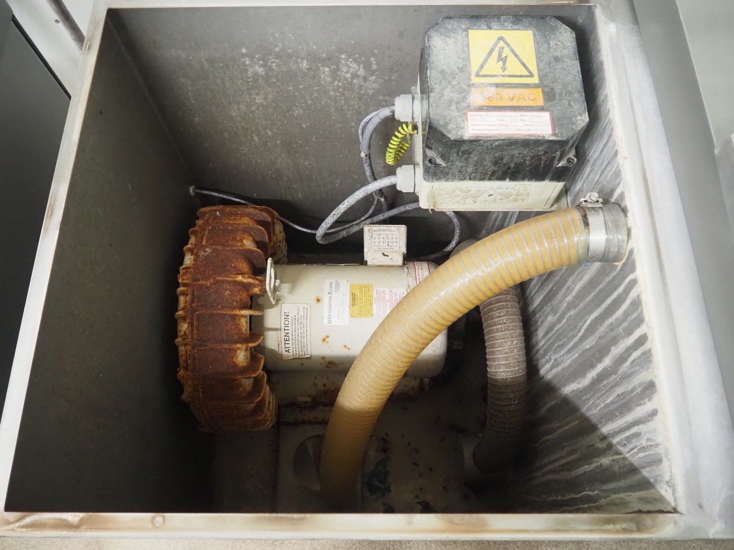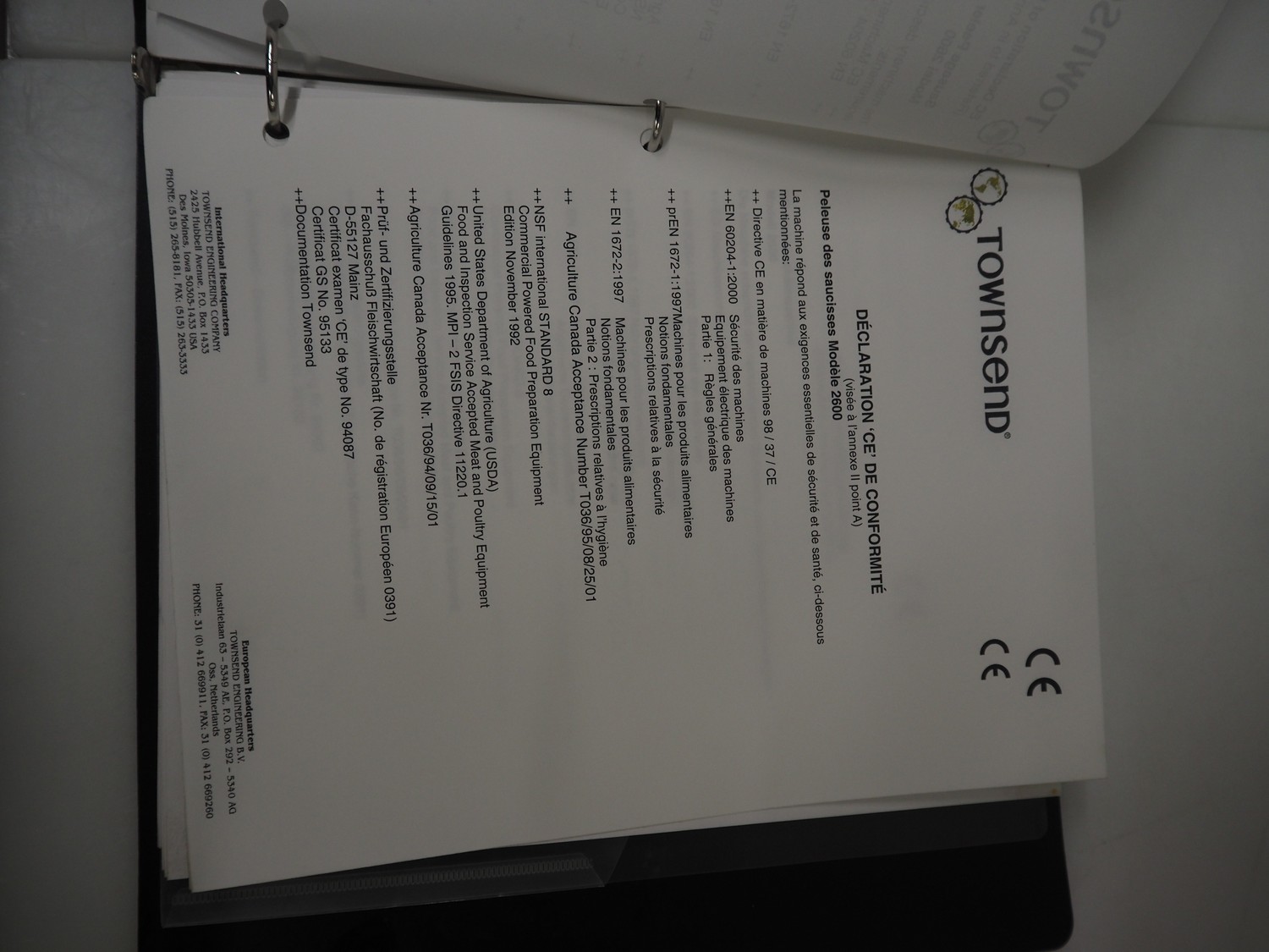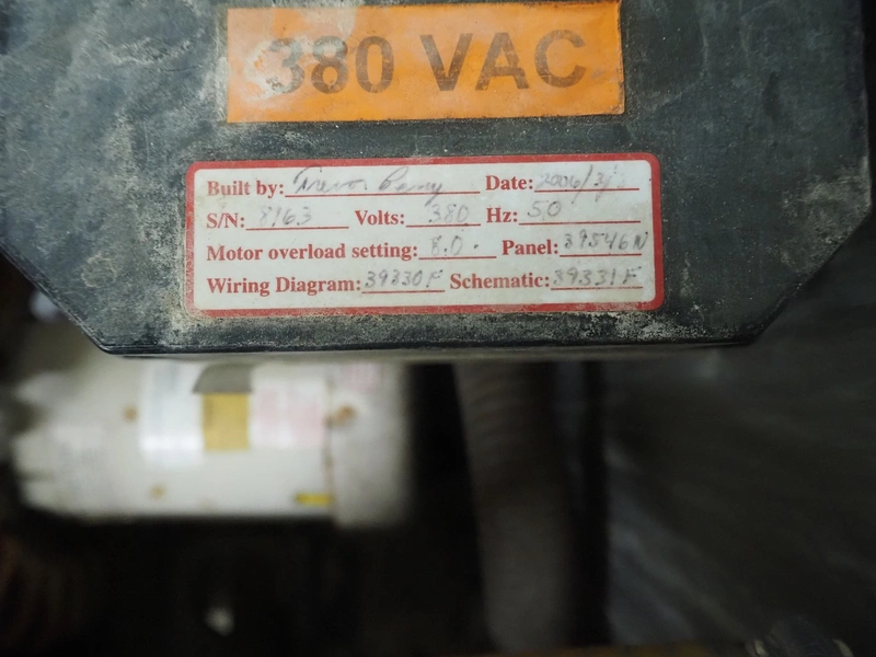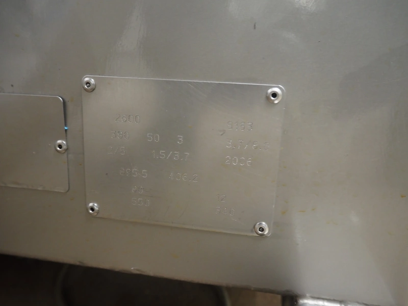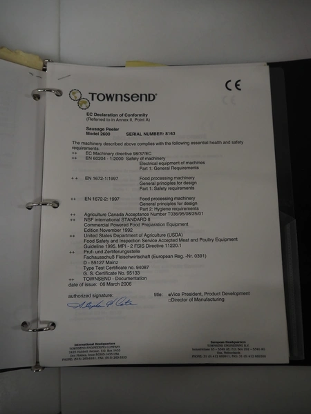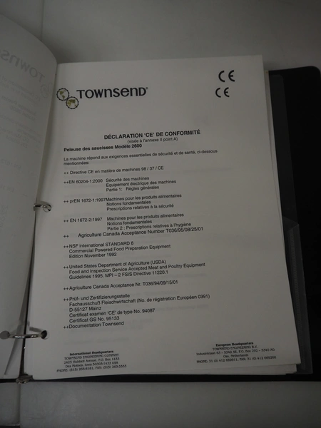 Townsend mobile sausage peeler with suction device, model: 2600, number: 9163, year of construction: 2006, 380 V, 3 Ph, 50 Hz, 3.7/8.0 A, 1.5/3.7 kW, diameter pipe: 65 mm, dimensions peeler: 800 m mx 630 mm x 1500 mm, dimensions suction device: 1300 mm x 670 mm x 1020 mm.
--------
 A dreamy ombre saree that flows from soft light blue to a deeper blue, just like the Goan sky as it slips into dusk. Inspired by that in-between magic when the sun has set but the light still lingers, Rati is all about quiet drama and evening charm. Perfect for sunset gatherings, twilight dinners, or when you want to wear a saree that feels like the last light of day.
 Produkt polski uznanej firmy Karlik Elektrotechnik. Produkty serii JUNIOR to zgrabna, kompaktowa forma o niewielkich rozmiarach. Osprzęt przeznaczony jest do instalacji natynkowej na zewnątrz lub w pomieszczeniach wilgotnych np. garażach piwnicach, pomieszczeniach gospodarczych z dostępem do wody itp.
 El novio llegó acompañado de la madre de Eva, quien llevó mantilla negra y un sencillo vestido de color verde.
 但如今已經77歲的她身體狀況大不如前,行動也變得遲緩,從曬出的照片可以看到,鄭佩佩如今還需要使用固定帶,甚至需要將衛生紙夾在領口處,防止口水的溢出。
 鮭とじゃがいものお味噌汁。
--------
Your task: Would you please copy exactly the part of the entries above that begins at the line containing "El novio llegó" and ends at the line containing "鮭とじゃがいものお味噌汁。", both lines included?

Response area:
 El novio llegó acompañado de la madre de Eva, quien llevó mantilla negra y un sencillo vestido de color verde.
 但如今已經77歲的她身體狀況大不如前,行動也變得遲緩,從曬出的照片可以看到,鄭佩佩如今還需要使用固定帶,甚至需要將衛生紙夾在領口處,防止口水的溢出。
 鮭とじゃがいものお味噌汁。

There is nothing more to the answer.